> [Exercise requirements] Leave out the pictures and print the rest of the entries exactly as they stand.

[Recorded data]

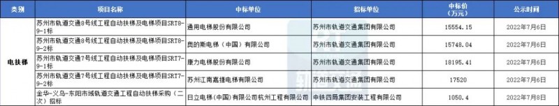 7月城市軌道交通自動(dòng)扶梯采購有5條中標(biāo)信息,總中標(biāo)金額68068萬元。通用電梯股份有限公司獲得蘇州市軌道交通8號線工程自動(dòng)扶梯及電梯項(xiàng)目SRT8-9-1標(biāo)。奧的斯電梯(中國)有限公司獲得蘇州市軌道交通8號線工程自動(dòng)扶梯及電梯項(xiàng)目SRT8-9-2標(biāo)??盗﹄娞莨煞萦邢薰精@得蘇州市軌道交通7號線工程自動(dòng)扶梯及電梯項(xiàng)目SRT7-9-1標(biāo)。蘇州江南嘉捷電梯有限公司獲得蘇州市軌道交通7號線工程自動(dòng)扶梯及電梯項(xiàng)目SRT7-9-2標(biāo)。日立電梯(中國)有限公司杭州工程有限公司獲得金華-義烏-東陽市域軌道交通工程自動(dòng)扶梯采購(二次)招標(biāo)項(xiàng)目。
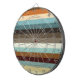 This design features horizontal stripes in various vintage colours, such as brown, orange, beige, blue, black, grey and white. It really conjures up the style of the mid 20th century.
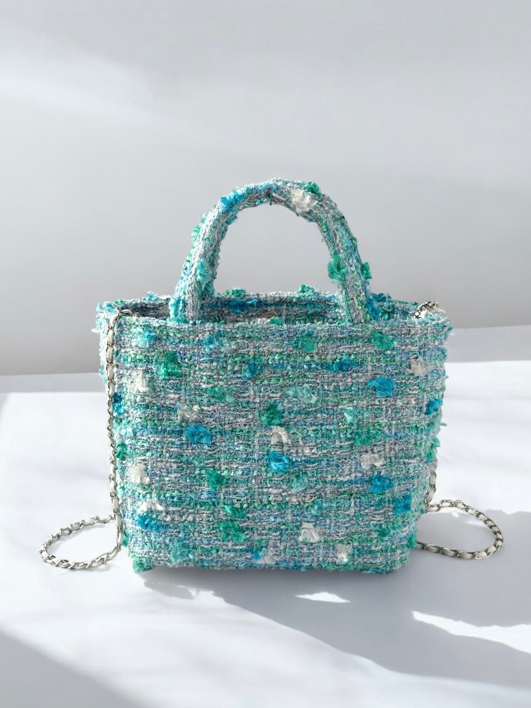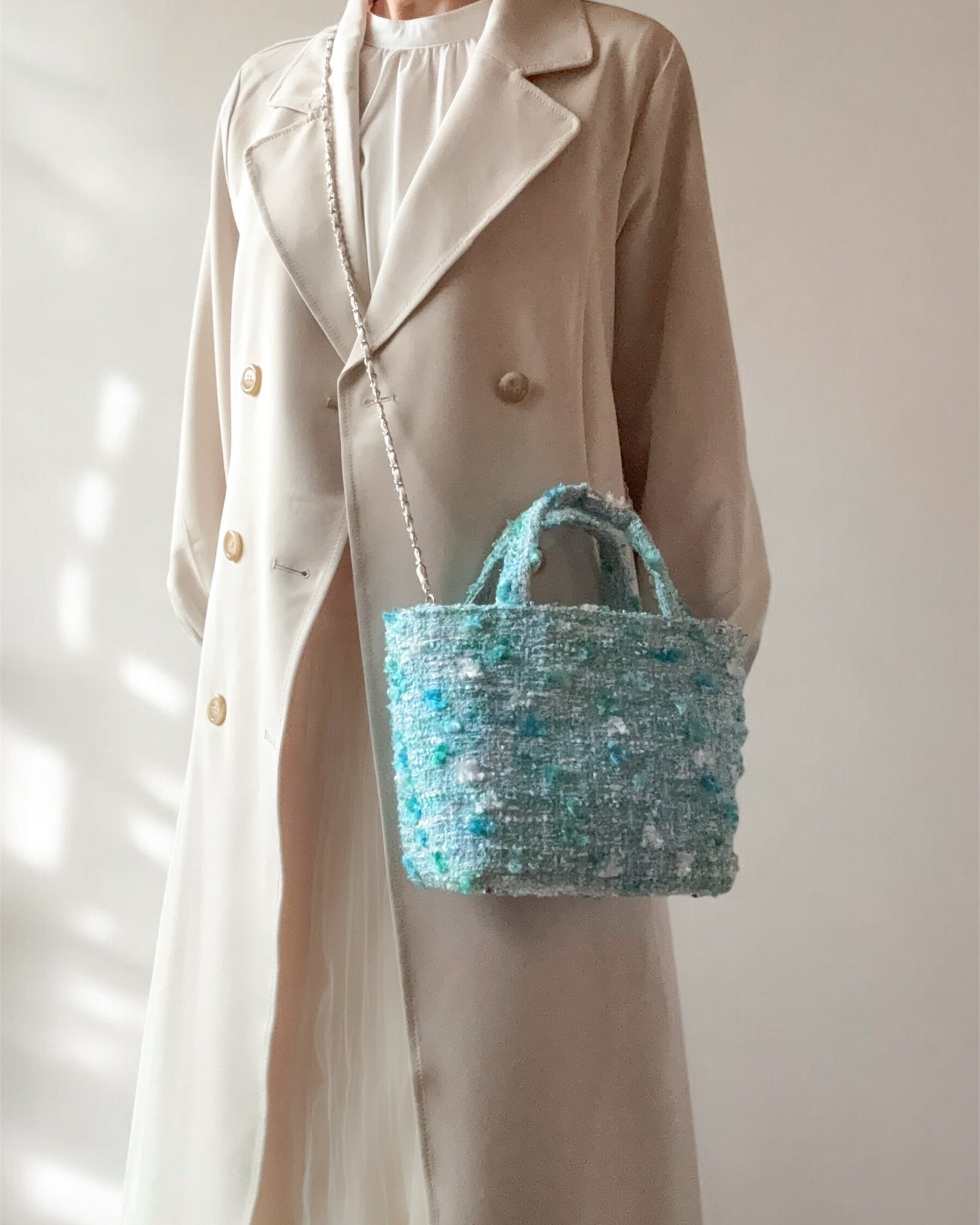 ブルーグリーン ミニトート Miros ツイード 尾州 お出掛け 軽量 ご褒美 プレゼント
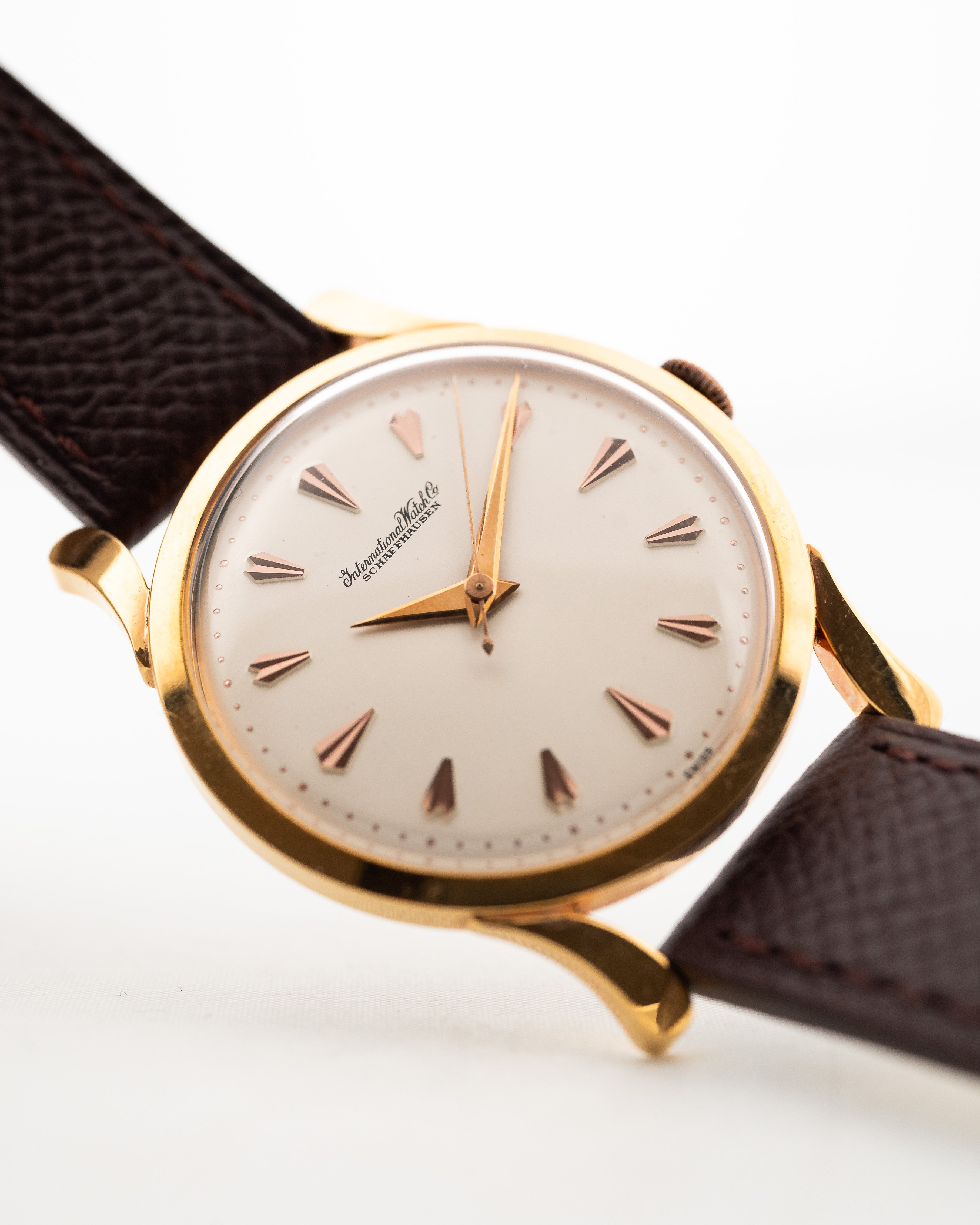 從早期開始,IWC萬國錶就生產各式各樣的腕錶,從正裝腕錶到航空腕錶,應有盡有。這枚鍍玫瑰金精鋼 Calatrava 風格腕錶配備獨特的錶耳,將成為眾人收藏的常備款式,尤其是其美麗而罕見的箭形時標,保存狀況極為完好。
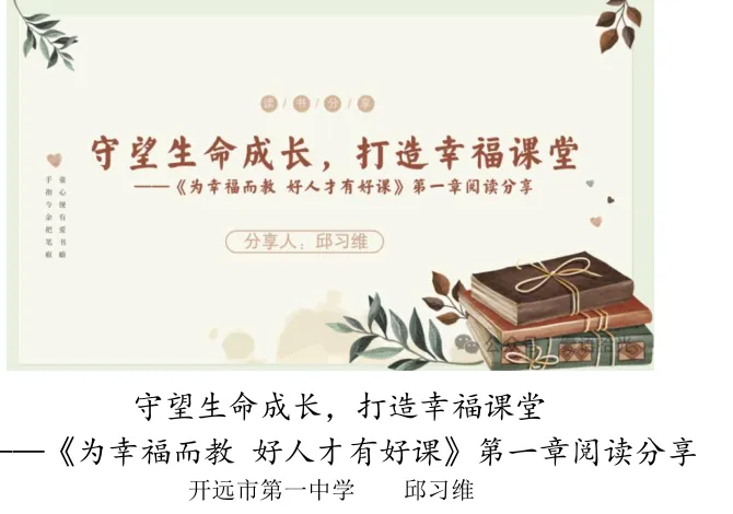 “清渠”团队12月读书分享:构筑精神家园“理想星空”。改变以往泛读分享模式,采用“团队领读+主旨发言+实践联结”的深度模式。邱习维老师领读《为幸福而教》,引发了关于“教师职业幸福与专业成就关系”的热烈辩论。这些讨论直击心灵,有效对抗职业倦怠,重塑了教育理想的内驱力。12月5日,开远一中团队以线上分享的形式,围绕王开东老师《为幸福而教 好人才有好课》一书展开深度研讨。本次读书分享活动由该团队的孔令勇老师主持,邱习维、吴盼、刘涛、司海燕四位教师结合自身教学实践与反思,从不同维度解读教育本质,分享育人智慧,为线上参与的教育同仁呈现了一场兼具温度与深度的思想盛宴。
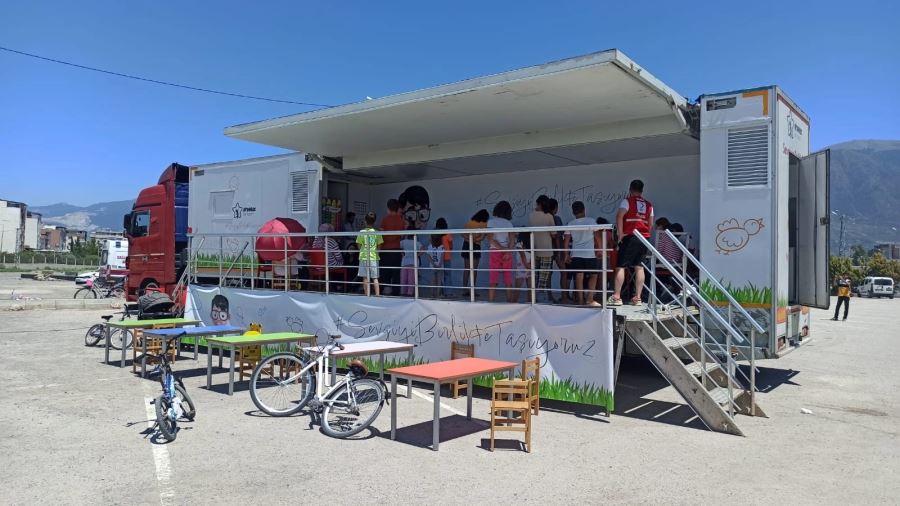 'Sevgiyi birlikte taşıyoruz' mottosuyla Muş Valiliği, Muş Belediyesi, Muş Alparslan Üniversitesi, Muş Kızılay Şubesi tarafından oluşturulan tırda, çadır ve konteyner kentlerdeki 7-13 yaş aralığındaki çocuklar göz taramasından geçiriliyor. Sevgi ve Sağlık Tırı Proje Koordinatörü Aykut Çağlı, salgın döneminde olduğu gibi deprem sonrası da strese dayalı göz sorunlarının yaşandığını söyledi.
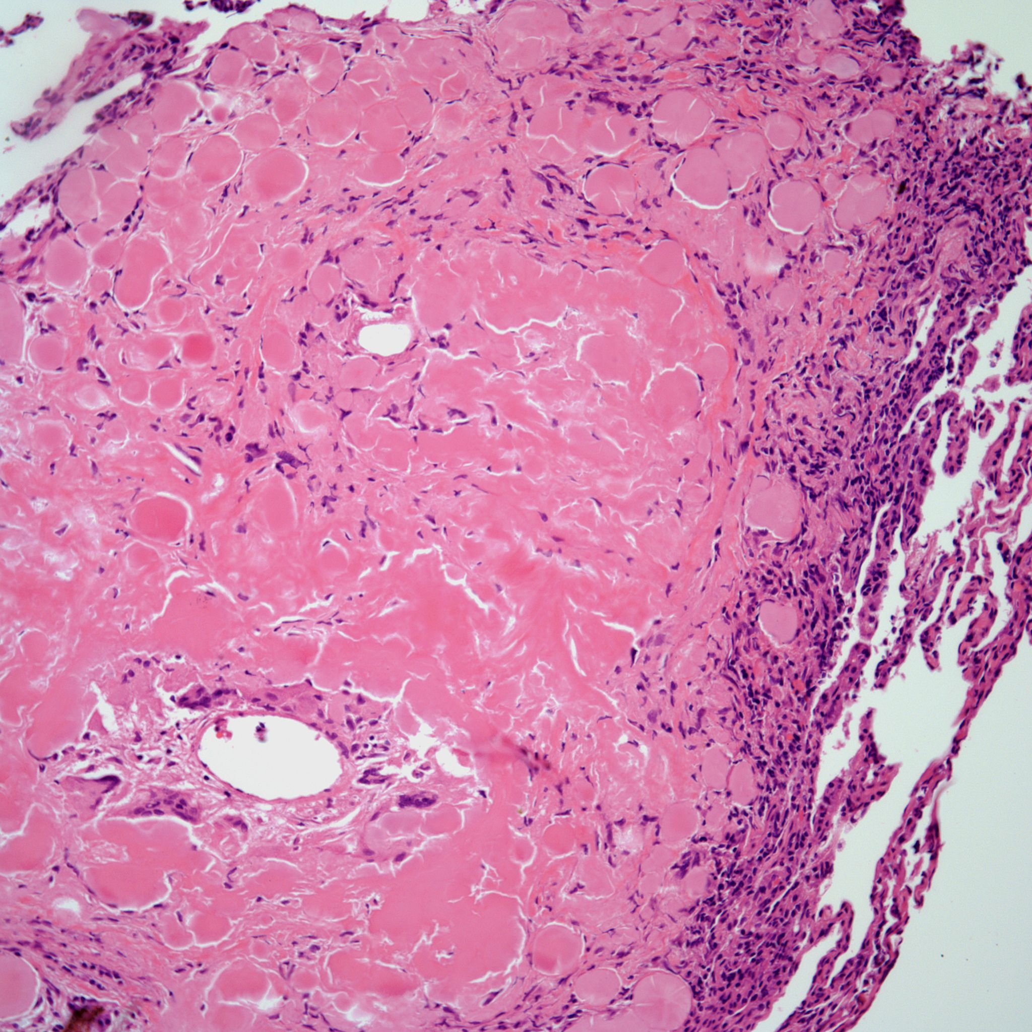 A 53-year-old man comes in with a cough, chest pain, and dyspnea that he’s had for several weeks. Radiographic imaging of the chest reveals a mass lesion in the right lower lobe.
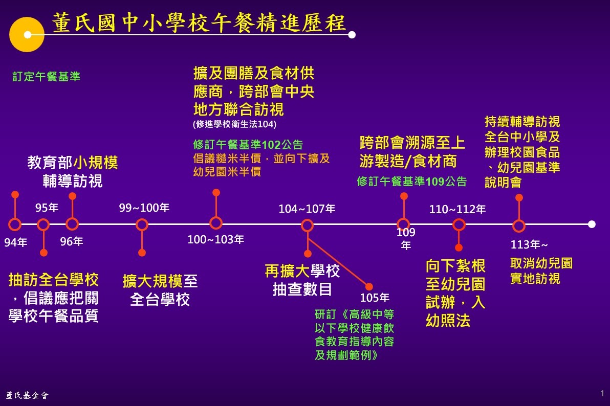 2006-2008抽訪全台學校,辦理倡議應把關學校午餐品質,教育部小規模輔導訪視。
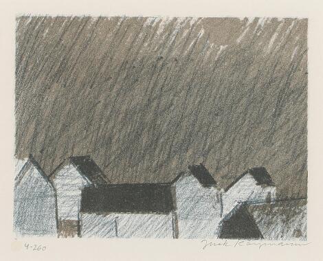 Jack Kampmann: Houses, The Faroe Islands. Two compositions. Signed. Lithograph in colours. Visible size 18 x 22 cm. (2)

> [Result]
 7月城市軌道交通自動(dòng)扶梯采購有5條中標(biāo)信息,總中標(biāo)金額68068萬元。通用電梯股份有限公司獲得蘇州市軌道交通8號線工程自動(dòng)扶梯及電梯項(xiàng)目SRT8-9-1標(biāo)。奧的斯電梯(中國)有限公司獲得蘇州市軌道交通8號線工程自動(dòng)扶梯及電梯項(xiàng)目SRT8-9-2標(biāo)??盗﹄娞莨煞萦邢薰精@得蘇州市軌道交通7號線工程自動(dòng)扶梯及電梯項(xiàng)目SRT7-9-1標(biāo)。蘇州江南嘉捷電梯有限公司獲得蘇州市軌道交通7號線工程自動(dòng)扶梯及電梯項(xiàng)目SRT7-9-2標(biāo)。日立電梯(中國)有限公司杭州工程有限公司獲得金華-義烏-東陽市域軌道交通工程自動(dòng)扶梯采購(二次)招標(biāo)項(xiàng)目。
 This design features horizontal stripes in various vintage colours, such as brown, orange, beige, blue, black, grey and white. It really conjures up the style of the mid 20th century.
 ブルーグリーン ミニトート Miros ツイード 尾州 お出掛け 軽量 ご褒美 プレゼント
 從早期開始,IWC萬國錶就生產各式各樣的腕錶,從正裝腕錶到航空腕錶,應有盡有。這枚鍍玫瑰金精鋼 Calatrava 風格腕錶配備獨特的錶耳,將成為眾人收藏的常備款式,尤其是其美麗而罕見的箭形時標,保存狀況極為完好。
 “清渠”团队12月读书分享:构筑精神家园“理想星空”。改变以往泛读分享模式,采用“团队领读+主旨发言+实践联结”的深度模式。邱习维老师领读《为幸福而教》,引发了关于“教师职业幸福与专业成就关系”的热烈辩论。这些讨论直击心灵,有效对抗职业倦怠,重塑了教育理想的内驱力。12月5日,开远一中团队以线上分享的形式,围绕王开东老师《为幸福而教 好人才有好课》一书展开深度研讨。本次读书分享活动由该团队的孔令勇老师主持,邱习维、吴盼、刘涛、司海燕四位教师结合自身教学实践与反思,从不同维度解读教育本质,分享育人智慧,为线上参与的教育同仁呈现了一场兼具温度与深度的思想盛宴。
 'Sevgiyi birlikte taşıyoruz' mottosuyla Muş Valiliği, Muş Belediyesi, Muş Alparslan Üniversitesi, Muş Kızılay Şubesi tarafından oluşturulan tırda, çadır ve konteyner kentlerdeki 7-13 yaş aralığındaki çocuklar göz taramasından geçiriliyor. Sevgi ve Sağlık Tırı Proje Koordinatörü Aykut Çağlı, salgın döneminde olduğu gibi deprem sonrası da strese dayalı göz sorunlarının yaşandığını söyledi.
 A 53-year-old man comes in with a cough, chest pain, and dyspnea that he’s had for several weeks. Radiographic imaging of the chest reveals a mass lesion in the right lower lobe.
 2006-2008抽訪全台學校,辦理倡議應把關學校午餐品質,教育部小規模輔導訪視。
 Jack Kampmann: Houses, The Faroe Islands. Two compositions. Signed. Lithograph in colours. Visible size 18 x 22 cm. (2)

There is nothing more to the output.